A Brazilian dataset is adding diversity to the international pool. It includes whole-genome sequences from 1,171 highly admixed Brazilians. The data was compiled by researchers affiliated with the Human Genome and Stem-Cell Research Center (HUG-CELL) at the University of São Paulo’s Institute of Biosciences (IB-USP) and is posted to the Online Archive of Brazilian Mutations (ABraOM).
The researchers say this represents Latin America’s largest cohort of DNA of older people and was created to detect mutations responsible for genetic diseases in this population or that play a key role in healthy aging. An analysis of the genomic data is reported this month in Nature Communications.
The considerable genetic diversity of the study sample contrasts with the coverage of international genomic databases, which is predominantly European.
The researchers made several important findings. For example, some subjects carry genetic variants classified in European databases as pathogenic but do not manifest the diseases associated with these mutations.

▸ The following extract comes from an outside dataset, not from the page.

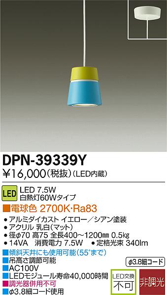 DAIKO Âç¸÷Åŵ¡ LED¾®·¿¥Ú¥ó¥À¥ó¥È DPN-39339Y

“One of the hypotheses we’re raising to explain this is that genetic variants hitherto classified as pathogenic may be expressed differently according to whether the individual’s genetic background is European or of mixed ancestry, for example,” said Michael Naslavsky, a professor at IB-USP and first author of the article.
The dataset includes over 76 million variants, of which ~2 million are absent from large public databases, the researchers report. They added that “WGS enables identification of ~2,000 previously undescribed mobile element insertions without previous description, nearly 5 Mb of genomic segments absent from the human genome reference, and over 140 alleles from HLA genes absent from public resources.”
The subjects in this study had an average age of 71 and were unrelated. They were selected by researchers at the University of São Paulo’s School of Public Health (FSP-USP) from the cohort recruited for the longitudinal study of Health, Wellbeing and Aging (Saúde, Bem-estar e Envelhecimento, SABE).
SABE investigates the health and living conditions of people aged 60 and over in São Paulo and six other cities of Latin America and the Caribbean via interviews, assessments, and medical examinations. “The study is representative of the elderly population of São Paulo because it’s based on the municipal census of the city and includes people in all income groups,” said Mayana Zatz, a professor at IB-USP. Zatz is principal investigator at HUG-CELL.
Since a draft of the article was first posted as a preprint in 2020, many researchers in Brazil and abroad have accessed the data, according to the authors. Datasets for individuals are already available to the scientific community for downloading on request, and, as noted, aggregate data has been posted to ABraOM.
The subjects were selected for whole-genome sequencing because they had passed the age at which clinical manifestations of several aging-related diseases, such as Alzheimer’s and Parkinson’s, typically begin.
Analysis of the seniors’ genomes also enabled the researchers to detect novel variants of genes in the human leukocyte antigen (HLA) complex, which encodes proteins responsible for permitting the recognition of pathogens and regulating the immune system. These genes are known to be the most variable and diverse of all in the human genome and hence hard to analyze.
These researchers created reference imputation panels for the whole-genome and HLA alleles, which improved imputation accuracy, allowing them to locate more than 140 alleles from HLA genes never described before. Findings such as this are germane to studies on susceptibility or resistance to infection by a wide array of pathogens, including SARS-CoV-2.